Y. trabalhou em UPPs desde que
entrou na corporação, em 2011. Conta que foi em pelo menos 15 enterros de
colegas nesses seis anos, “só os mais íntimos”. A namorada sempre pedia que ele
deixasse a PM. Agora que finalmente decidiu largar a corporação, quer ser
médico.
DESISTÊNCIA A PEDIDO DA FAMÍLIA
Um dos 4.821 candidatos que
passaram no concurso da PM de 2014, Z. disse que não quer mais ser policial.
Embora tenha se preparado, disse que a própria família o desencorajou por causa
das muitas mortes registradas entre a tropa.
— Era um sonho. Eu me empenhei
para passar no concurso, mas não dá para investir e morrer depois — diz.
Falta reconhecimento
Pesquisadora da Escola de Saúde
Pública da Fundação Oswaldo Cruz, Cecilia Minayo há anos estuda o impacto da
atividade policial sobre a saúde dos agentes. Ela também acha que o principal
motivo da descrença de policiais na instituição é a falta de reconhecimento:
tanto por parte da sociedade civil quanto da própria corporação.

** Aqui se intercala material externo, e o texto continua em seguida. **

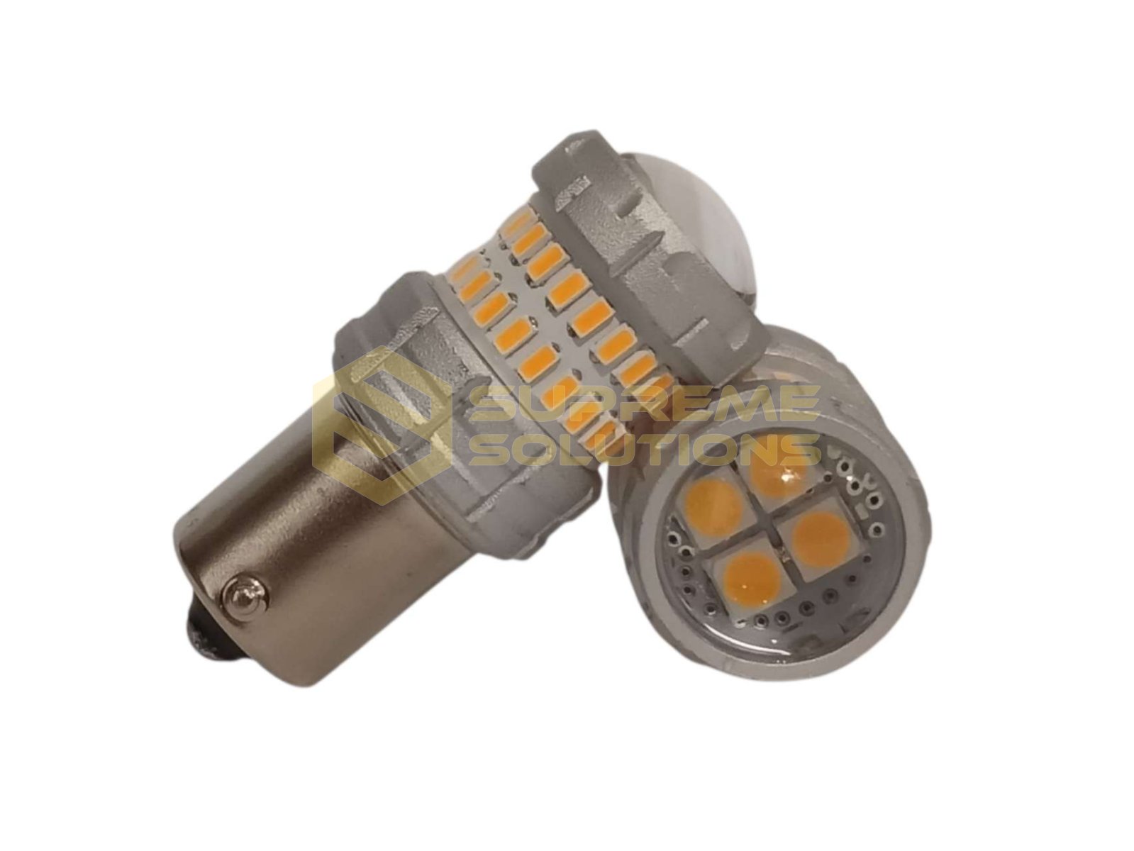 LED лампа 1156 3014-48SMD + 4SMD 3030, 9–30V, жовта, 150°, одноконтактна — це покращений варіант ламп повороту R5W / R10W / P21W із напрямленою оптикою.

— Um ponto importante é o reconhecimento
da sociedade pelo trabalho deles. Eles sentem uma tristeza muito grande. Porque
estão trabalhando muito, se empenhando, apesar de ganharem muito pouco. Mas,
dificilmente, há esse reconhecimento do trabalho. O reconhecimento é sempre do
policial que deixou se corromper — afirma Cecilia.
A falta de diálogo dentro da
corporação, segundo Cecilia, gera comandantes e subordinados estressados. Não
há válvula de escape. Os que estão mais acima na hierarquia, ressalta a
pesquisadora, muitas vezes têm que exigir que seus comandados se arrisquem
diante da falta absoluta de segurança na atividade policial.
EM 2017, UM SUICÍDIO POR MÊS
Entre janeiro e maio deste ano,
cinco PMs atentaram contra a própria vida, o que daria um suicídio por mês. O
dado é da coordenadora do Grupo de Estudo e Pesquisa em Suicídio e Prevenção
(Gepesp), Dayse Miranda.
— A corporação está doente. A
perda de colegas em serviço afeta muito os agentes, seja na parte física, com
dores na coluna; seja na emocional, quando muitos têm choros convulsivos,
ansiedade, dificuldade de dormir — explicou.
Chefe do Núcleo Central de
Psicologia da PM, o tenente-coronel Fernando Derenusson afirma que a sensação
de risco aparece muito nos relatos dos policiais de licença médica:
— As más condições de trabalho vêm
causando sofrimento mental. Há muita queixa de insegurança devido às mortes de
colegas, escala de trabalho apertada e falta de condições físicas das UPPs.